There are continuous (and discrete) distributions in `scipy` too. There are more of them ([a lot more!](https://docs.scipy.org/doc/scipy/reference/tutorial/stats/continuous.html#continuous-distributions-in-scipy-stats)), and they allow a bit more flexibility.

In [None]:
import scipy.stats as st

mean = 3   # aka mu or loc
stdev = 2  # aka sigma or scale
normal_distribution = st.norm(loc=mean, scale=stdev)

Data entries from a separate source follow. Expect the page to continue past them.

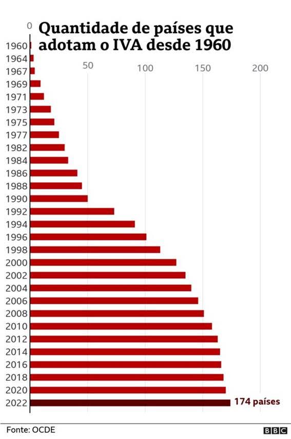 Hoje, o maior IVA do mundo é o da Hungria (27%). Os países da Organização para Cooperação e Desenvolvimento Econômico (OCDE) têm alíquota média de 19,2%. Dos 38 integrantes da organização, formada principalmente por países ricos, apenas os Estados Unidos não adotam o IVA.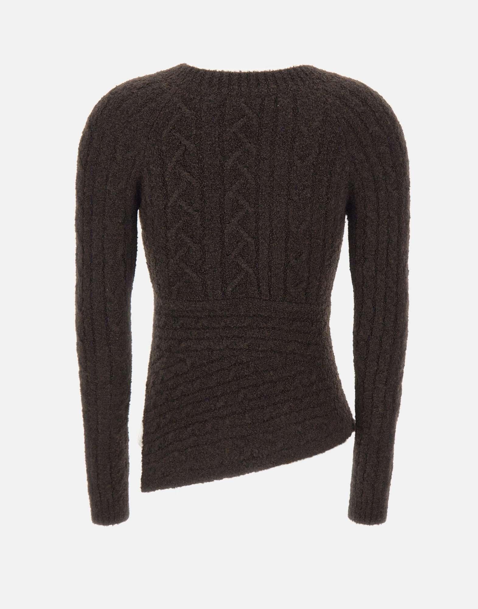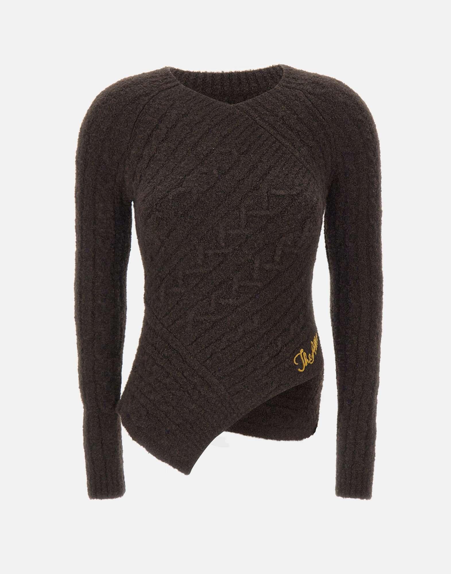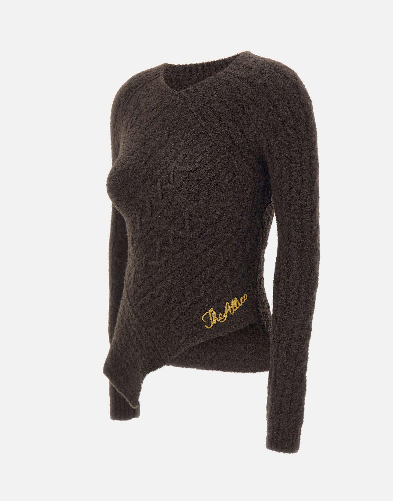 Maglione donna The Attico in maglia di misto lana marrone con lavorazione a trecce, perfetto equilibrio tra eleganza classica e stile contemporaneo. Caratterizzato da un leggero scollo a V e fondo asimmetrico che dona movimento alla silhouette, è completato da un logo ricamato a contrasto in giallo sul bordo inferiore. Vestibilità slim per un look femminile e definito.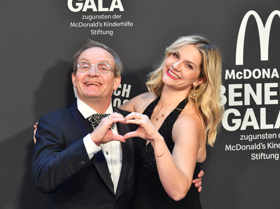 Sie kam im roten Kleid, er mit rot-weißen Socken: „Es ist das erste Mal, dass wir bei dieser Gala gemeinsam an einem Tisch sitzen können. Ich habe mir heute eigens die Spendiersocken von McDonald’s angezogen“, freute er sich. „Unsere Kinder sind heute Abend bei der Oma.“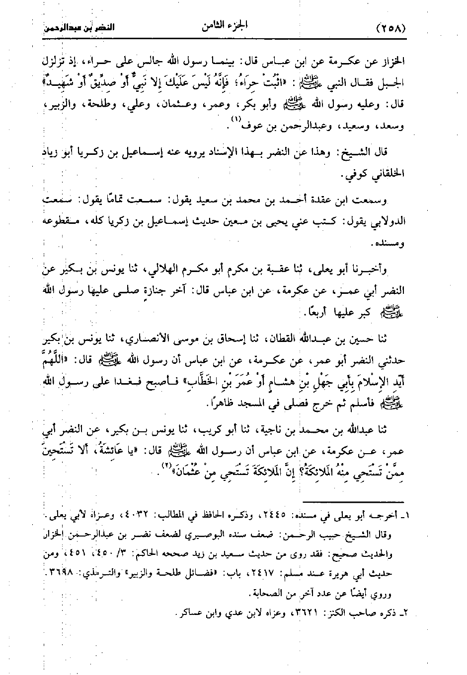 الخزاز، عن عِكرمَة، عنِ ابن عَبَّاسٍ قَالَ بَيْنَمَا رَسُولُ اللَّهِ صَلَّى اللَّهُ عَلَيْهِ وَسَلَّمَ جَالِسٌ عَلَى حِرَاءٍ إِذْ تَزَلْزَلَ الْجَبَلُ فَقَالَ النَّبِيُّ صَلَّى اللَّهُ عَلَيهِ وَسلَّمَ اثْبُتْ حِرَاءً فَإِنَّهُ لَيْسَ عَلَيْكَ إِلا نَبِيٌّ أَوْ صِدِّيقٌ أَوْ شَهِيدٌ قَالَ وَعَلَيْهِ رَسُولُ اللَّهِ صَلَّى اللَّهُ عَلَيْهِ وَسَلَّمَ، وأَبُو بَكْرٍ وَعُمَرُ وَعُثْمَانُ وَعَلِيٌّ وَطَلْحَةُ وَالزُّبَيْرُ وَسَعْدٌ وَسَعِيدٌ، وَعَبد الرَّحْمَنِ بْنُ عَوْفٍ.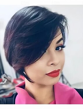 Cheveux Naturel Rémy Perruque Court Ondulé Coupe Lutin Coupe Dégradée Noir Bourgogne Multicolore Meilleure qualité Sans bonnet Cheveux Brésiliens Unisexe Noir naturel #1B Auburn moyen #30 Vin foncé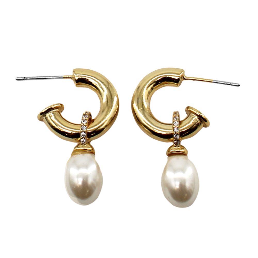 SODAJO PEARL BEAD HOOP GOLD DIPPED EARRING

x = np.linspace(-6, 12, 200)

_, ax = plt.subplots()
ax.plot(x, normal_distribution.pdf(x), '-', lw=2)
plt.title(f'Normal distribution: mean = {mean}, stdev = {stdev}')
plt.grid()
plt.show()

In [None]:
d_rho = st.norm(loc=2500, scale=125)
d_rho.rvs()  # Random variates

In [None]:
rho = d_rho.rvs(size=200, random_state=42)

sns.displot(rho)

## Fit a distribution

Using the Rock Property Catalog: https://subsurfwiki.org/wiki/Rock_Property_Catalog

In [None]:
import pandas as pd

df = pd.read_csv('https://geocomp.s3.amazonaws.com/data/RPC_4_lithologies.csv')
df = df.dropna()

df.head()

#### NOTE

The original density data (`df.Rho`) were discretized in the original lab measurements. I've added some random noise to these values to get a more natural distribution. So we'll use `df.Rho_n`.

In [None]:
for name, group in df.groupby('Lithology'):
    plt.scatter(group.Vp, group.Rho_n, label=name)
plt.legend()

In [None]:
for name, group in df.groupby('Lithology'):
    sns.kdeplot(group.Vp, label=name)
plt.legend()

Let's fit a normal distribution to this data. We'll focus on limestone first.

In [None]:
from scipy.stats import norm

limestone = df.loc[df.Lithology=='limestone']

loc, scale = st.norm.fit(limestone.Vp)

In [None]:
loc, scale

Instantiate the learned distribution:

In [None]:
l_vp = st.norm(loc=loc, scale=scale)

Compare its PDF to the actual distribution:

In [None]:
x = np.linspace(1500, 5000, 1000)

sns.kdeplot(limestone.Vp)
plt.plot(x, l_vp.pdf(x))

Maybe a skewed distribution, like `gumbel_r` (`r` for 'right') distribution is better:

In [None]:
loc, scale = st.gumbel_r.fit(limestone.Vp)

l_vp = st.gumbel_r(loc=loc, scale=scale)

sns.kdeplot(limestone.Vp)
plt.plot(x, l_vp.pdf(x))

Sample from the distribution:

In [None]:
vp = l_vp.rvs(size=200)

sns.displot(vp, rug=True)

### EXERCISE

Repeat this exercise for the `df.Rho_n` data. You should end up with an array of 200 samples drawn from the distribution.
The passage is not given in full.